Dubai-Khatam al-Anbiya, the construction arm of Iran’s powerful Revolutionary Guard, has been awarded a no-contest $1 billion gas development deal, the latest in contracts to domestic companies awarded outside a bidding process as Iran tries to speed up development of its massive natural gas reserves.
“The development project of the Halegan and Sefid Baghoun gas fields has been given to Khatam al-Anbiya Headquarters without putting out any tender,” Mehdi Fakour, managing director of the state-run Iranian Central Oil Fields Company, was quoted as saying April 30 by semi-official news agency Mehr.
Fakour put the value of the contract at around $970 million. Khatam al-Anbiya is already involved in Iranian oil, gas, petrochemical, mines and pipeline projects.
“Based on the agreement between the National Iranian Oil Company and Khatam al-Anbiya Headquarters, all the investment for the project should be made by this group [Khatam al-Anbiya],” he said.
The Halegan field with an estimated 351 billion cubic meters of gas in place, and Sefid Baghoun, with estimated in-place reserves of 170 Bcm, are in the southern province of Fars and are among recent gas discoveries. The two fields will produce 19,000 Mcf/d of gas.
Fakour said the move to hand over the project to Khatam al-Anbiya followed an order by Oil Minister Masoud Mirkazemi to skip the usual protocols for signing oil and gas contracts. “The oil minister has given some authorities to different companies so that those contractors with good financial capacities can take part in the projects without carrying out formalities,” he said.

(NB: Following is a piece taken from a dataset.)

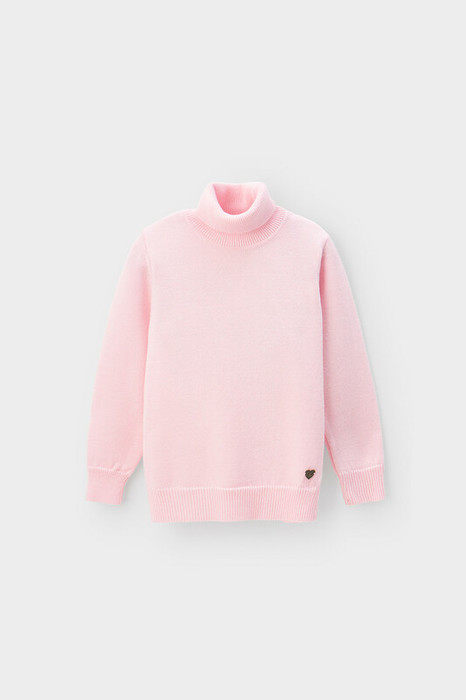 Вязаный джемпер для девочки из мягкой полушерстяной пряжи. Высокий воротник с отворотом хорошо защищает от холода. Изделие сохраняет форму и стойкий цвет после многочисленных стирок.

Khatam al-Anbiya Headquarters has an overwhelming presence in Iran’s energy and infrastructure sectors with billions of dollars of projects in Iran, a position that was reinforced after foreign contractors pulled out as a result of international sanctions on Iran.
The US has placed Khatam al-Anbiya on its list of banned Iranian companies it says are suspected of involvement in nuclear proliferation efforts. The US State Department in 2007 identified Khatam al-Anbiya as one of two key Iranian entities that it said raised proliferation concerns and banned all dealings with them.
In an interview with the semi-official Fars news agency April 24, Revolutionary Guard Commander Mohammad Ali Jafari said the group’s involvement in economic activities “is not for profit.”
“The Guard’s duty is to protect the [1979 Islamic] revolution in all areas including from economic threats…these countries [foreign companies] were sent to our country to waste our time and the Guard entered this arena after foreign companies left the job,” Jafari said.
“Today, we only take those projects that domestic companies are not capable of carrying out or those which are in border or other sensitive areas where there are security issues,” he added.
Jafari said it was forbidden for the Guard to participate in “small and medium projects as well as the projects under Toman 100 billion ($90 million).”
Iran has the world’s second-largest gas reserves after Russia but its production is still far below its full capacity, largely because of the departure of foreign contractors discouraged from investing in Iran’s energy sector by a spate of international sanctions designed to force Tehran to halt its uranium enrichment program.
The government has said it intends to fast-track gas production in order to meet rising domestic demand and boost exports.